I'm also glad that I stopped by the store today to grab a filter and heater for my QT. Guess I better get that filter seeded...


----------



## jrman83 (Jul 9, 2010)

Gizmo said:


> It's really great to see someone do their research before adding fish! +5
> 
> I like the stocking you're suggesting, especially because I LOVE RCS, haha. The platies might pester the RCS (especially the male platy), but if you keep them well fed they shouldn't be a problem.


LOL Guy, I guess you have never had Platies or livebearers? The females are the most voracious eaters of all livebearer species I have owned (Molly, Platy, Guppy, Swordtail). I used to sort of believe that until I saw a female Guppy with a RCS half way down its throat...and I OVERfeed my fish. 

Bottom line, you take a chance with adding any fish with dwarf shrimp and shrimplets will definitely be a target. Cory or Plecs maybe....


----------



## arenkel (Nov 28, 2011)

*sigh*
Would ghost shrimp fare better?


----------



## arenkel (Nov 28, 2011)

UPDATE

So, it's been a while. I got 3 pineapple platies (2F, 1M), and they're doing fine, as far as I can tell. I've been keeping up on my weekly pwc, although I haven't been testing the water as often as I should.

Only a few days after I got the platies, one of them gave birth. I'm not sure how many "batches" of fry I have in the tank at the moment, but I think it's at least two. I'm sure there will be plenty more in the future.

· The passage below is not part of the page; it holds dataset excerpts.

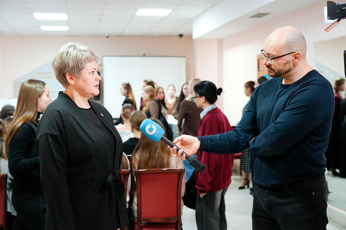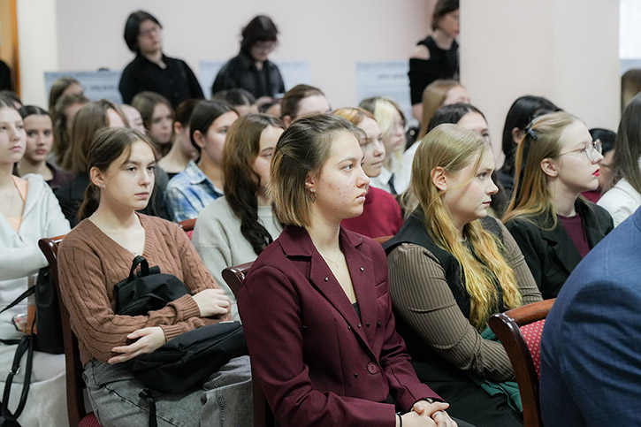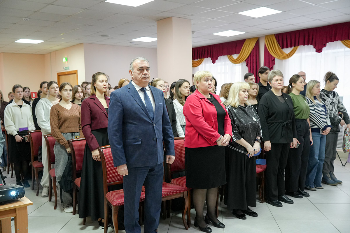Руководитель областного Центра патриотического воспитания Алла Александровна Данилевская рассказала студентам о глубокой связи Новосибирска с судьбой блокадного города. Например, в здании нынешнего ДК Октябрьской революции 9 июля 1942 года состоялась премьера Седьмой ("Ленинградской") симфонии Дмитрия Шостаковича в исполнении эвакуированного Ленинградского симфонического оркестра. И композитор присутствовал на этой премьере.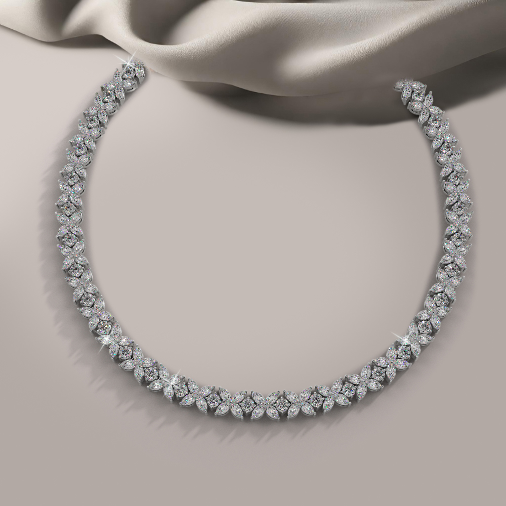 16-Inch Flowers of Marquise Dimond Tennis Necklace 28.4 Carat Total Weight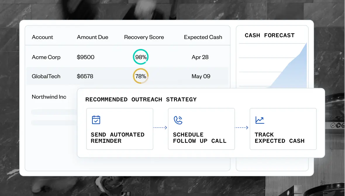 回収見込み(回収確率)に基づいてアカウントの優先順位を付け、アプローチ戦略を推奨し、回収担当者のアクションを期待される入金結果に結び付けます。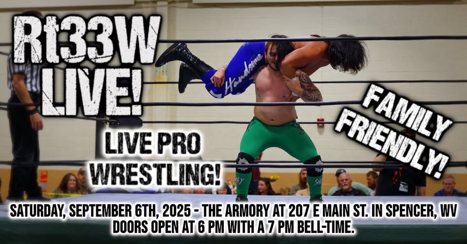 Route 33 Wrestling will hold an event at The Armory, 207 East Main St., in Spencer, WV, on Saturday, September 6, 2025. Doors open at 6 p.m. and the bell time is 7 p.m. Tickets are at the door.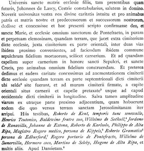 Universis sancte matris ecclesie filiis tam presentibus quam futuris Johannes de Lascy Cestrie constabularius salutem in domino Noverit universitas vestra nos divine caritatis intuitu et pro animabus patris et matris nostre et predecessorum et successorum nostrorum dedisse et concessisse et hoc presenti scripto confirmasse deo et sancte Marie et ecclesie omnium sanctorum de Pontefracto in puram et perpetuam elemosinam quandam terram que jacet extra cimiterium dicte ecclesie juxta cimiterium ex parte orientali inter duas vias ibidem proximo convenientes ad faciendum ibidem commune Sepulchrum fidelium mortuorum scilicet carnerium Et ad quandam capellam super carnerium in honore sancti Sepulcri et sancte Crucis pro animabus omnium fidelium construendam Et preterea dedimus et eadem caritate concessimus ad aucmentationem cimiterii dicte ecclesie quandam terram ex parte septemtrionali dicti cimiterii ubi selde[] site fuerunt et ad murum cimiterii firmate a capite orientali situs carnerii et capelle pretaxate usque ad capud occidentale dicti cimiterii in longitudine Salva tamen amplitudine viarum ex utraque parte proximo adjacentium quam habuerunt eodem die quo versus terram sanctam Jerosolimitanam iter arripui Hiis testibus Roberto de Kent temporis tunc senescalle Henrico Teutonico Baldewino fratre suo Willelmo de Sothull Jordano de Ranavilla Johanne de Estona Roberto de Karleolo Philippo de Alta Ripa Magistro Rogero medico persona de Kippeis [] Roberto Gramatico[] ersona de Edburford [] Rogero portario de Pontefracto Willelmo de Sumervilla Hermero coco Martino de Seleby Hugone de Alta Ripa et multis aliis Apud Damietam []
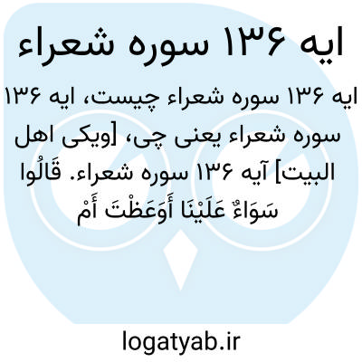 [ویکی اهل البیت] آیه 136 سوره شعراء. قَالُوا سَوَاءٌ عَلَیْنَا أَوَعَظْتَ أَمْ لَمْ تَکُنْ مِنَ الْوَاعِظِینَ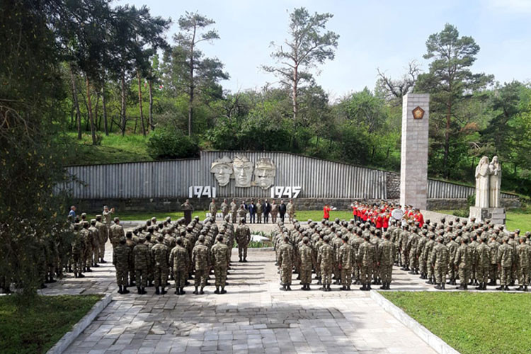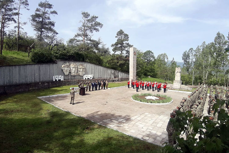 Müdafiə Nazirliyindən Lent.az-a verilən məlumata görə, İkinci Dünya müharibəsində misilsiz qəhrəmanlıqlar göstərmiş xalqımızın igid oğullarının əziz xatirəsi bir dəqiqəlik sükutla yad edilib, Azərbaycan Respublikasının Dövlət Himni ifa olunub.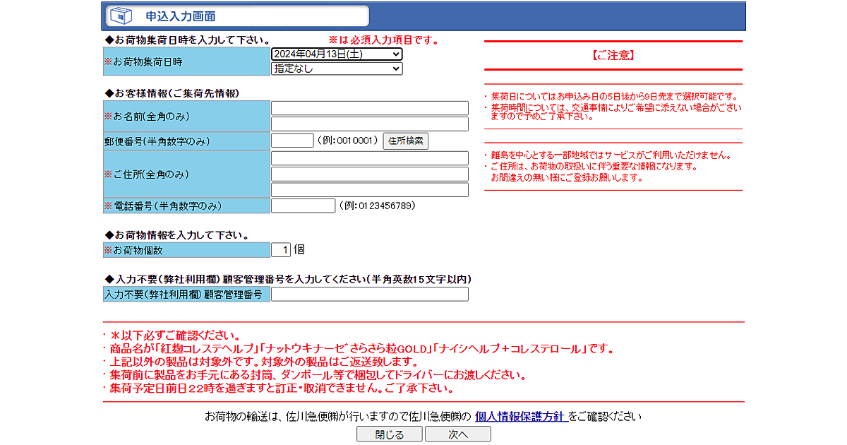 インターネットからの返品受付は、佐川急便が提供する回収サポートシステム「回収くん」を活用。「回収くん」は業務内容に応じた登録受付ページを簡単に作成し、「回収のみ」「同時交換」「発送のみ」の全輸送に対応できるシステムで、購入客が希望した荷物集荷日時に、佐川急便が直接集荷する。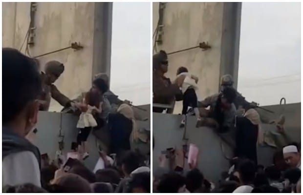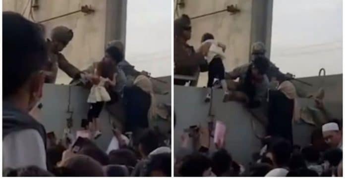 Em um vídeo divulgado nas redes sociais, uma mãe afegã desesperada entrega sua filha bebê a um soldado americano no aeroporto de Cabul, na tentativa de fazê-la deixar o país.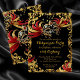 Red Black Gold Magical Night Masquerade Party Masquerade Birthday Party Invitation. Pretty silver and diamond mask & feather jewels. Please note: All flat images! Use for any age. “Please note: Zazzle shows ONE sample by default.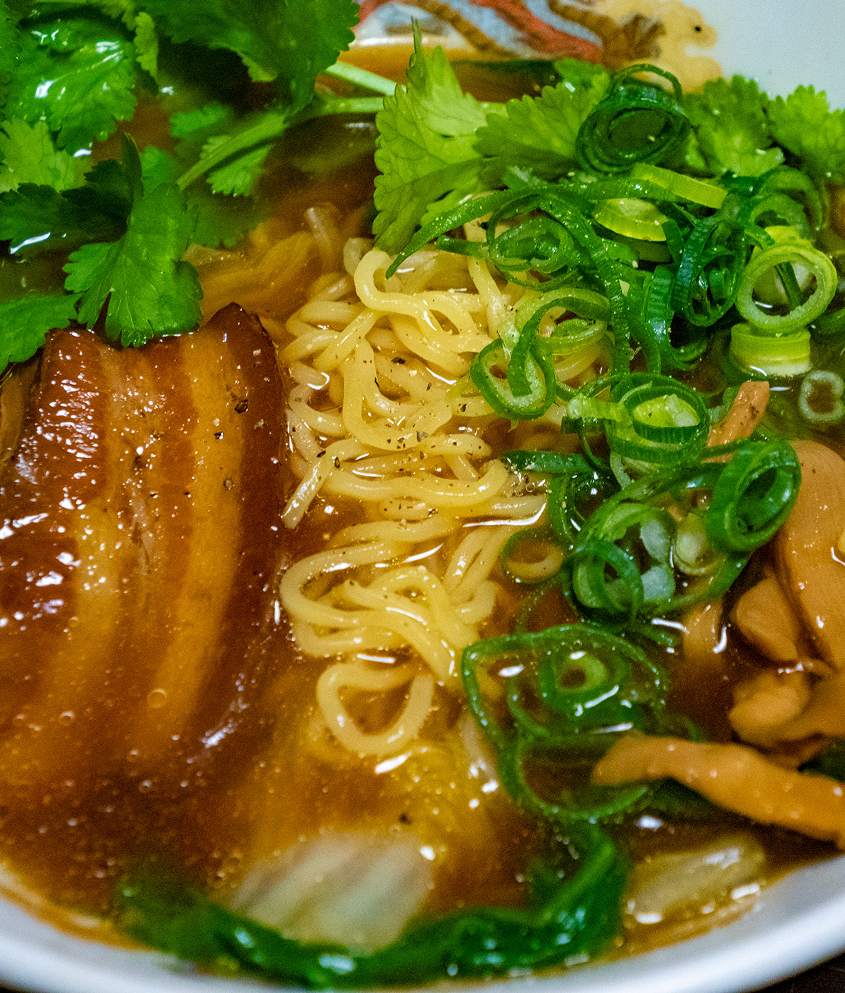 炙りラフテーにメンマと白菜に青ネギたっぷり。

Now, I'm thinking I'd like to add my next fishes. I love the look of cories, and I know that they'll adapt to my hard alkaline water, but I'd like to know if there are any other species of small bottom-dwellers that I should consider. Ideally, I would like fish that come from (and thrive in) alkaline water; otherwise, I'll just go with cories and hope they work out.


----------